• Provided data
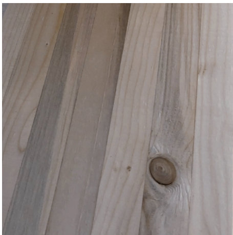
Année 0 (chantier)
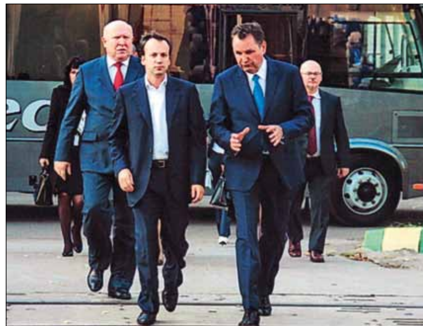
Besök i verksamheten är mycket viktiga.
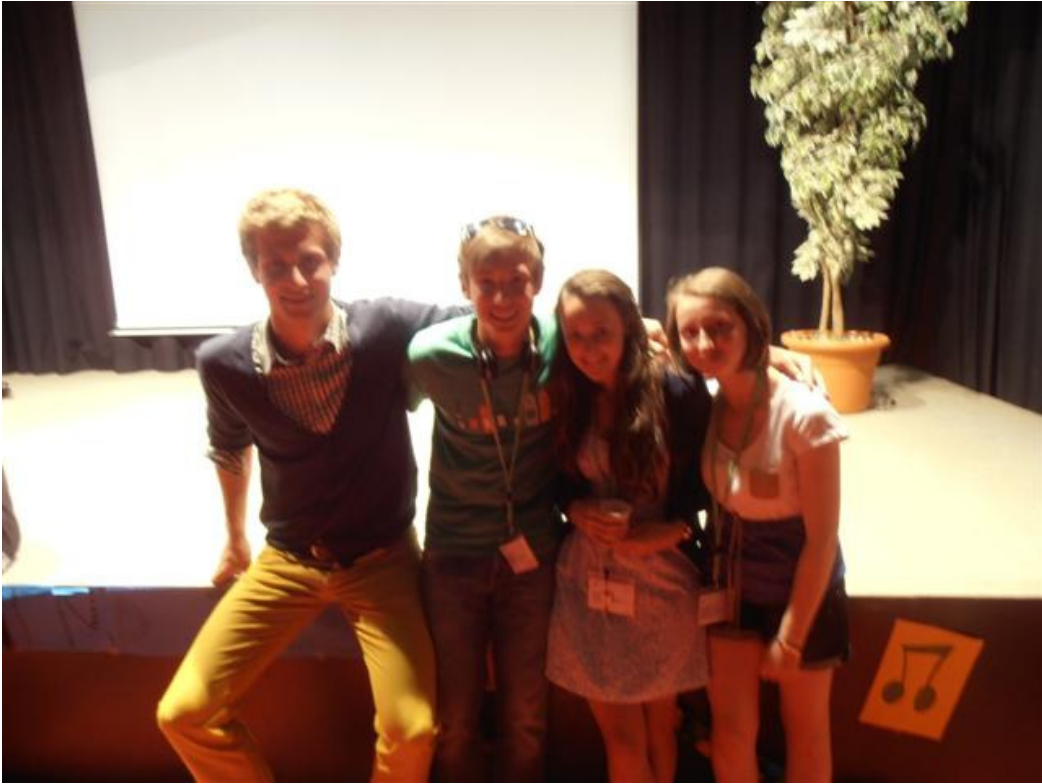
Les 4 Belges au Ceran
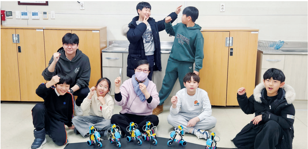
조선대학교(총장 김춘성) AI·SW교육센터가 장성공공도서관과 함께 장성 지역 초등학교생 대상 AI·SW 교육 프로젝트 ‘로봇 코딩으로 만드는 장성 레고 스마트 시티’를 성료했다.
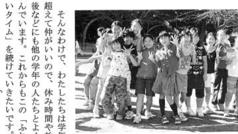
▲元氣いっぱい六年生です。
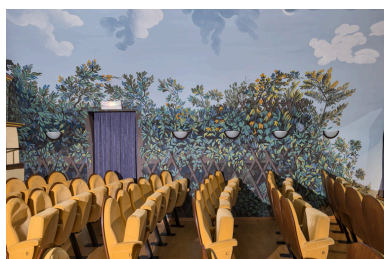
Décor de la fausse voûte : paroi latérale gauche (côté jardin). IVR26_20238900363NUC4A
---
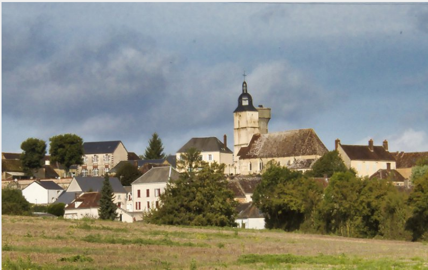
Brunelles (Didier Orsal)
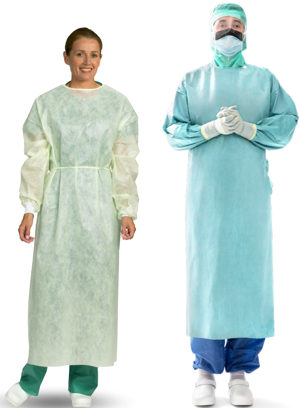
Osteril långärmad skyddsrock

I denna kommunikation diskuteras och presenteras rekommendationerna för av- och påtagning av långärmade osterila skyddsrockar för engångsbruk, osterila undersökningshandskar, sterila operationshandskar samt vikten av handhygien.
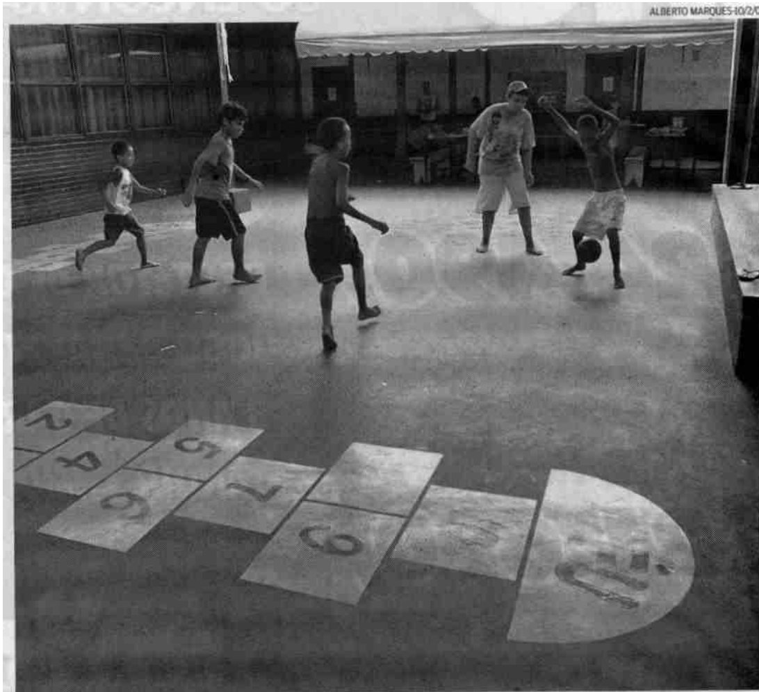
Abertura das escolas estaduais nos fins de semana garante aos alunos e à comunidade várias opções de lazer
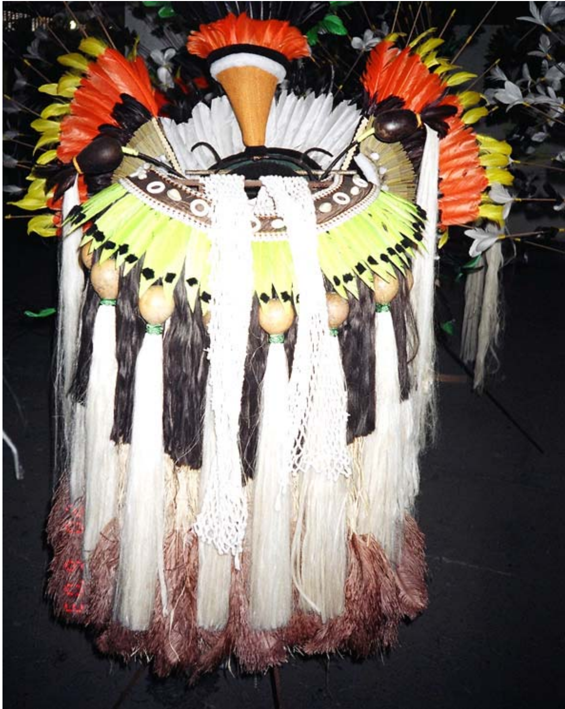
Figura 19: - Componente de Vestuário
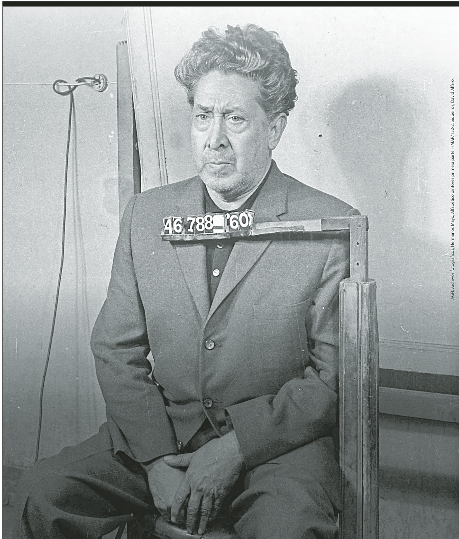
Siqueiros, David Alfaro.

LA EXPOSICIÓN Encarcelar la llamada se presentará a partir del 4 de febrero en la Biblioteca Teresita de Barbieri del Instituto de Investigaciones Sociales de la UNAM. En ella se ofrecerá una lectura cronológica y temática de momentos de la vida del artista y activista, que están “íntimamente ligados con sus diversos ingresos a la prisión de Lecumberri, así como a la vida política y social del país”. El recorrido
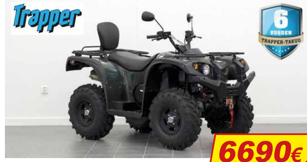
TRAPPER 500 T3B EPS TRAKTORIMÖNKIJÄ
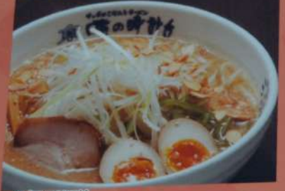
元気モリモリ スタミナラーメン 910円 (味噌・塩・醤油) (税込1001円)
* * *
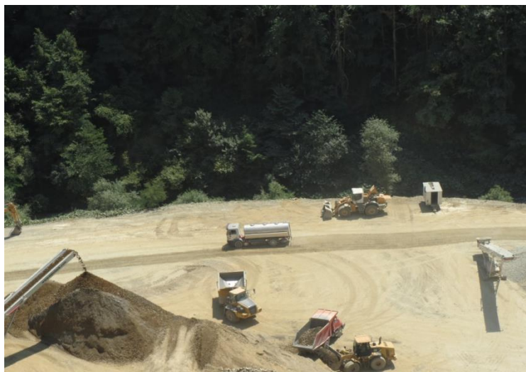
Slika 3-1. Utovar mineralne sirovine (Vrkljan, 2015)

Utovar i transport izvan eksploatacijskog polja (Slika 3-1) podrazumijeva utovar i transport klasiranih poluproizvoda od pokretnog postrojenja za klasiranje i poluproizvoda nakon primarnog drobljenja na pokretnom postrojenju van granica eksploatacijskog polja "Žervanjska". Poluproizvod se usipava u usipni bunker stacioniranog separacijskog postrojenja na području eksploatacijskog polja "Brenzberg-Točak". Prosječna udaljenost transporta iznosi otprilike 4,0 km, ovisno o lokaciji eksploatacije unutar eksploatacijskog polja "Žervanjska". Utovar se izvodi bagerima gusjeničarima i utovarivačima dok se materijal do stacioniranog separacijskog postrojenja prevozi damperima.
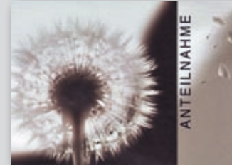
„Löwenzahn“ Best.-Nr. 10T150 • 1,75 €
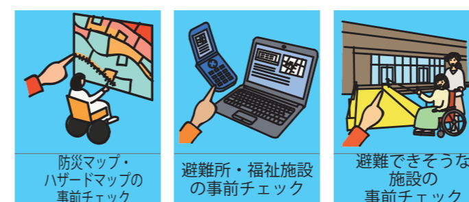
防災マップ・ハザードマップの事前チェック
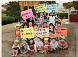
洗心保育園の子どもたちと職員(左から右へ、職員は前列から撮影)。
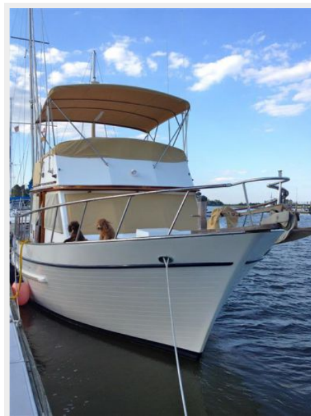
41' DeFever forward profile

• Try it
Lines holding the string "Slika" are the answer; copy each one from the listing above.

• Exercise result
Slika 3-1. Utovar mineralne sirovine (Vrkljan, 2015)
Utovar i transport izvan eksploatacijskog polja (Slika 3-1) podrazumijeva utovar i transport klasiranih poluproizvoda od pokretnog postrojenja za klasiranje i poluproizvoda nakon primarnog drobljenja na pokretnom postrojenju van granica eksploatacijskog polja "Žervanjska". Poluproizvod se usipava u usipni bunker stacioniranog separacijskog postrojenja na području eksploatacijskog polja "Brenzberg-Točak". Prosječna udaljenost transporta iznosi otprilike 4,0 km, ovisno o lokaciji eksploatacije unutar eksploatacijskog polja "Žervanjska". Utovar se izvodi bagerima gusjeničarima i utovarivačima dok se materijal do stacioniranog separacijskog postrojenja prevozi damperima.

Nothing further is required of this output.